Synopsis
A report indicates that high-cost disease-modifying therapies are set to propel the growth of the Alzheimer's disease market globally, with significant expansions anticipated in key markets over the next decade.Key Takeaways
- Projected growth of Alzheimer's market from $2.4B in 2023 to $19.3B by 2033.
- 73.5% market share expected from disease-modifying therapies (DMTs).
- Challenges include high costs and logistical barriers for new treatments.
- Potential for more effective therapies targeting disease prevention.
- New oral treatments may facilitate easier integration into clinical practice.
New Delhi, Jan 14 (NationPress) High-cost, disease-modifying therapies are projected to significantly drive the expansion of the Alzheimer’s disease market worldwide, as per a detailed analysis.
The study conducted by GlobalData, a leading analytics firm, indicated that this growth will be particularly noticeable in eight key markets: the US, France, Germany, Italy, Spain, the UK, Japan, and China.

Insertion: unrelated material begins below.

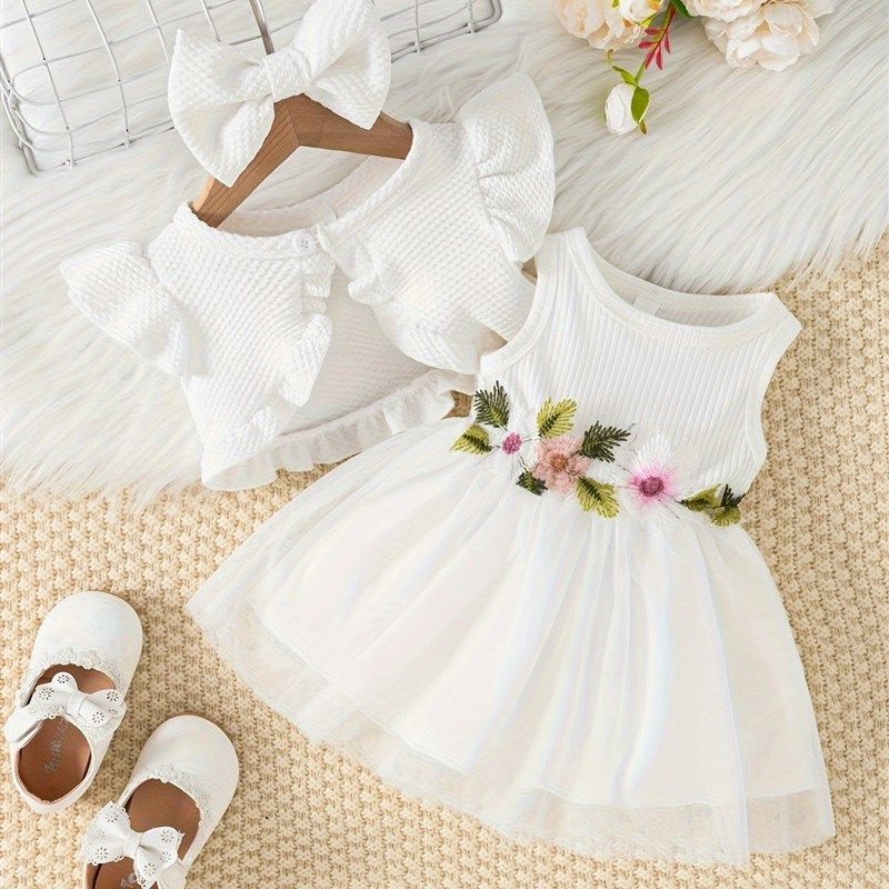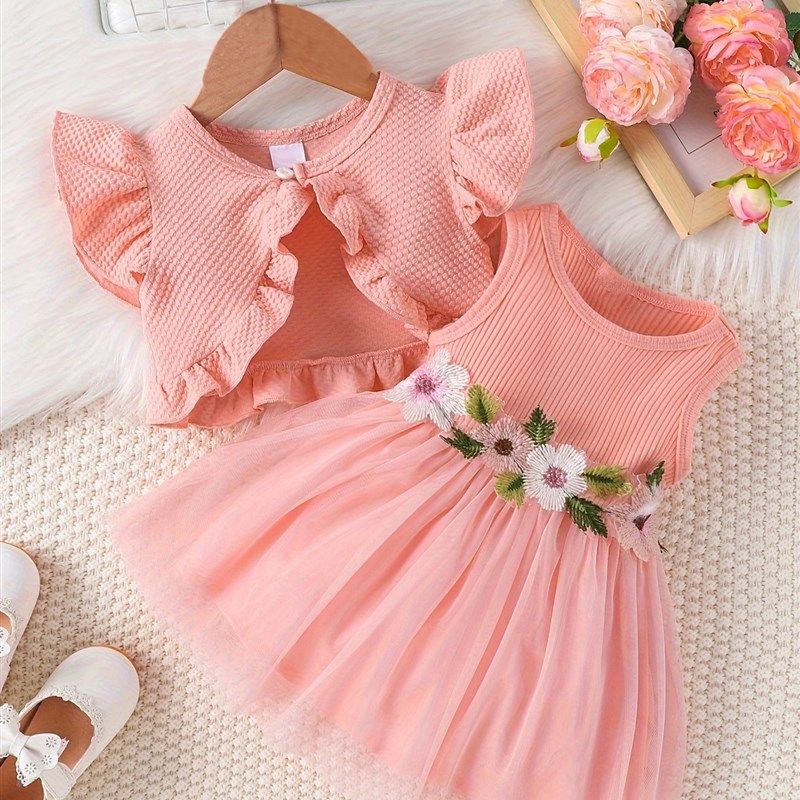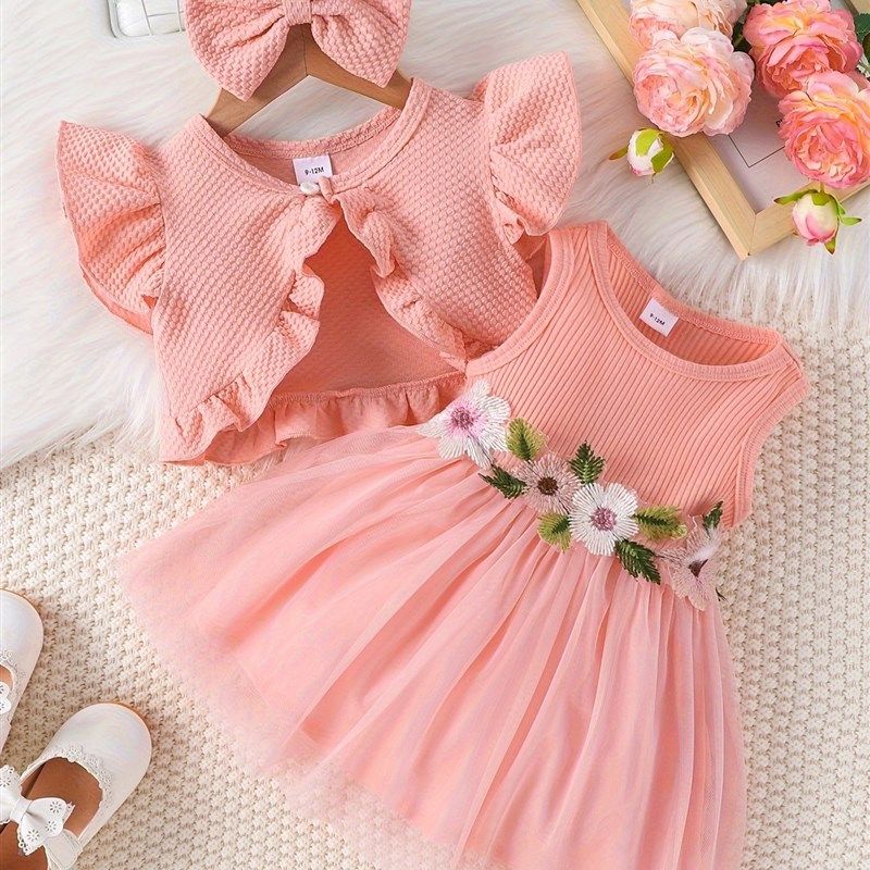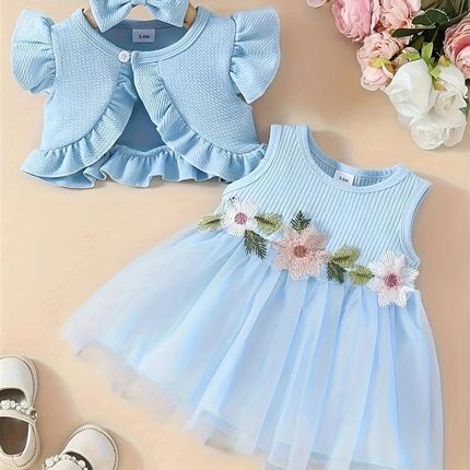 跨境INS婴幼小童女宝宝夏季款腰间花朵背心网纱连衣裙外套发饰潮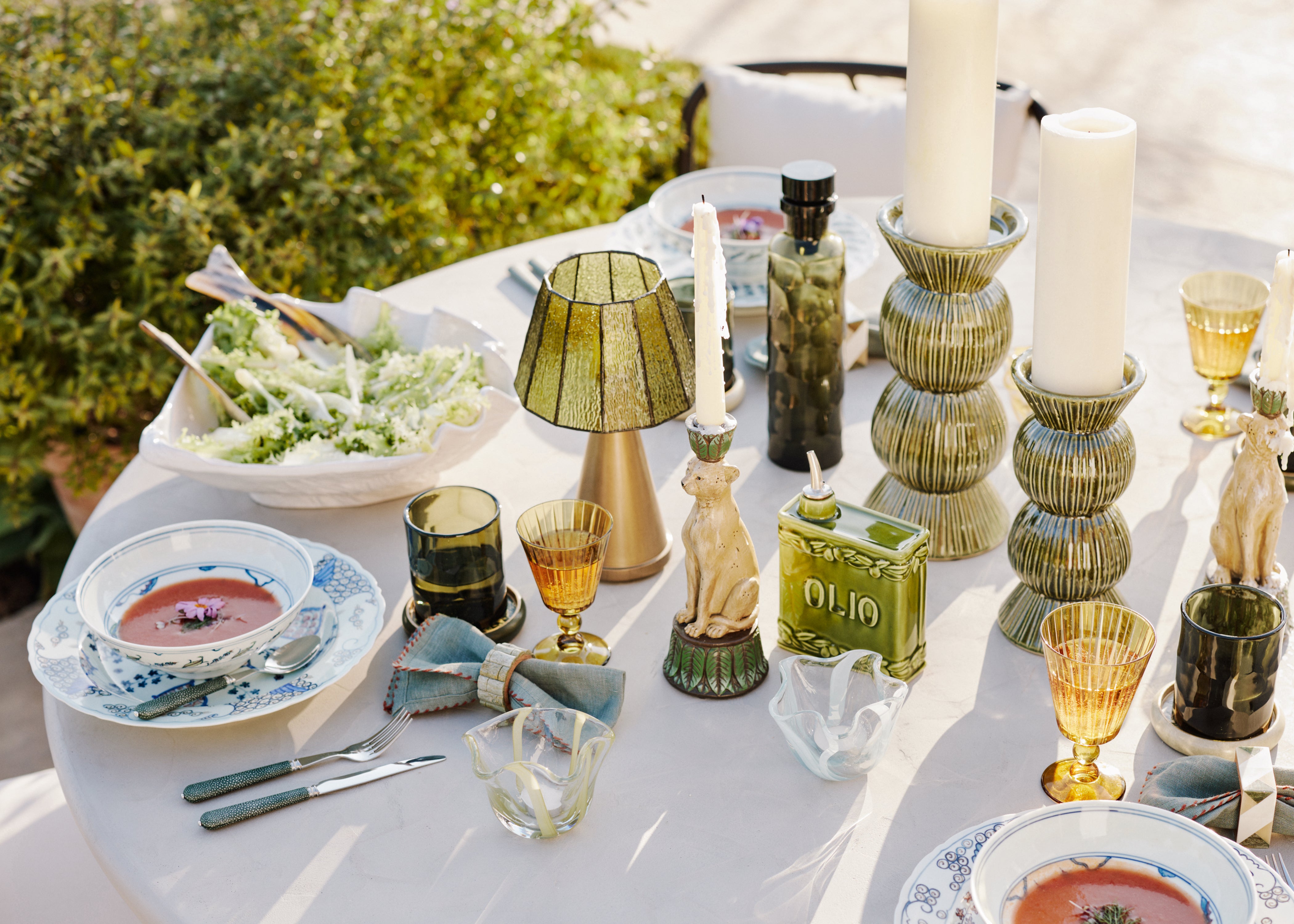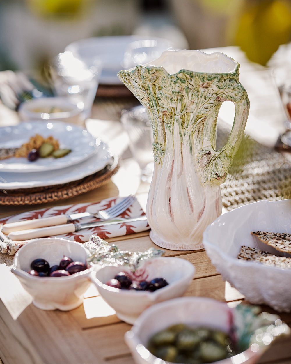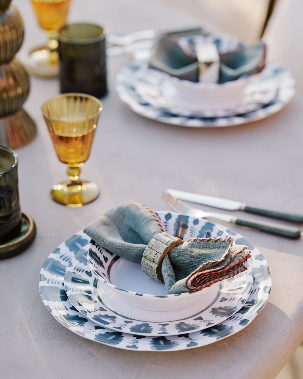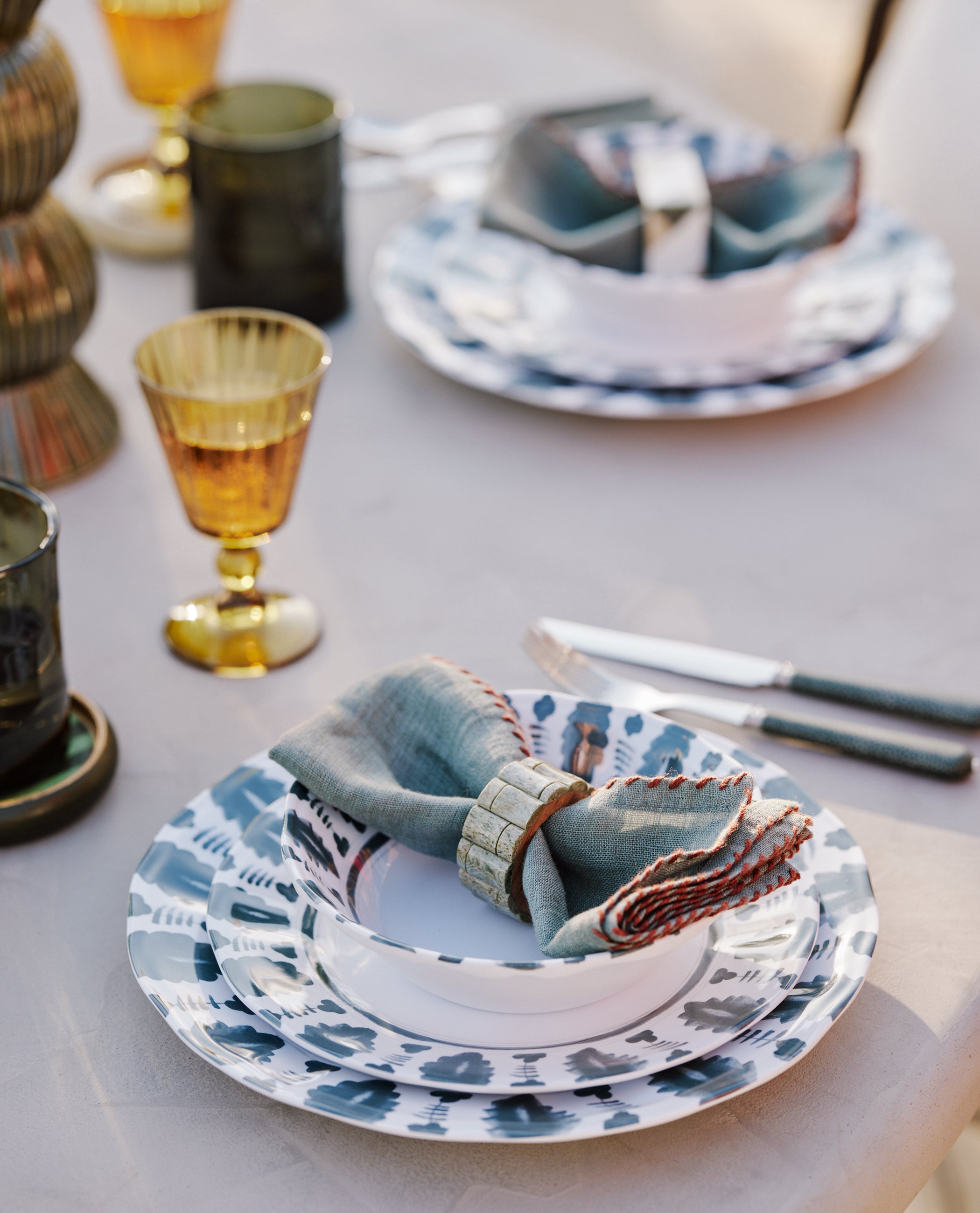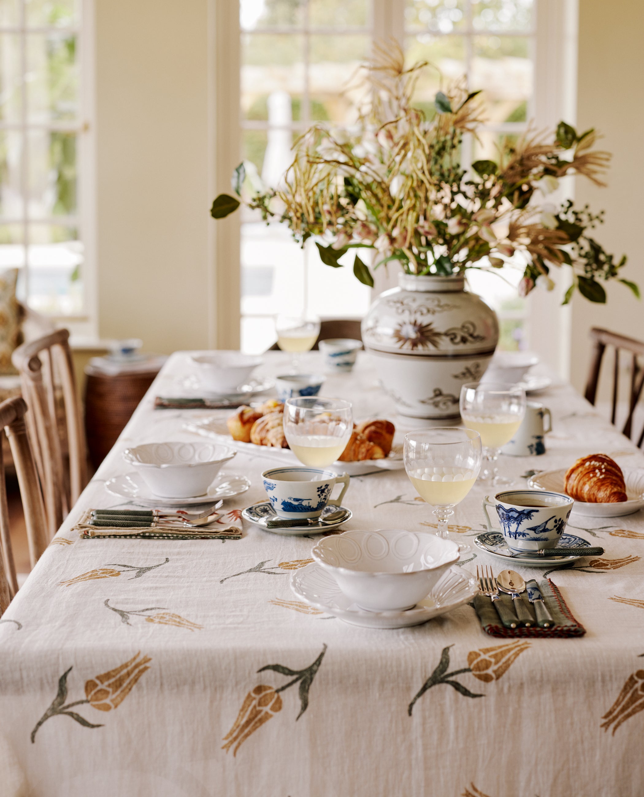 Texture is what gives a spring table depth. Linen tablecloths and hand-finished ceramics work together to create an inviting, tactile feel. The key is contrast: patterned against smooth, soft alongside structured, all combining to create a table that feels considered but never over styled.

The forecast predicts that the Alzheimer’s market in these nations will surge from $2.4 billion in 2023 to $19.3 billion by 2033, achieving a remarkable compound annual growth rate (CAGR) of 23.4%.
This growth trajectory will largely be fueled by the introduction of expensive disease-modifying therapies (DMTs), anticipated to boost treatment rates as more therapeutic options become available. An increasing global population, particularly among the elderly, coupled with a rise in prevalent cases and the debut of innovative symptomatic therapies for managing agitation and psychosis linked to Alzheimer’s, will also play a crucial role in this expansion.
By 2033, it is expected that DMTs will command a significant share of the global Alzheimer’s market, contributing 73.5% of total market revenue, with drugs targeting amyloid beta being predominant, according to the report.
Philippa Salter, the Managing Neurology Analyst at GlobalData, mentioned that Eisai/Biogen’s Leqembi (lecanemab) and Eli Lilly’s Kisunla (donanemab) are projected to be leading medications for Alzheimer’s, with anticipated global sales of approximately $3.6 billion and $3.8 billion, respectively, by 2033.
The report also identified challenges for these DMTs, which may hinder their routine clinical application. Key economic and operational barriers include frequent IV administration and the necessity for positron emission tomography (PET) and magnetic resonance imaging (MRI) scans to access these treatments.
“Alongside logistical considerations, these new DMTs are priced significantly higher than the currently available generic symptomatic treatments for Alzheimer’s, creating additional hurdles regarding reimbursement and payer restrictions,” Salter stated.
To address these challenges, pharmaceutical companies are exploring alternative administration methods. Several oral late-stage candidates are being developed that could facilitate easier integration into clinical practice.
Among these are Anavex Life Sciences’ ANAVEX2-73 (blarcamesine), TauRx Therapeutics’ LMTX (hydromethylthionine mesylate), and Novo Nordisk’s NN-6535 (semaglutide).
Despite the new DMTs being regarded as only moderately effective, there is substantial potential for more potent therapies that not only slow the disease’s progression but also aim to halt it entirely, with prevention as the ultimate goal.
In addition to DMTs, medications that can enhance cognitive function in the later stages of the disease, along with more effective treatments for secondary symptoms such as agitation and psychosis, also present significant opportunities for developers.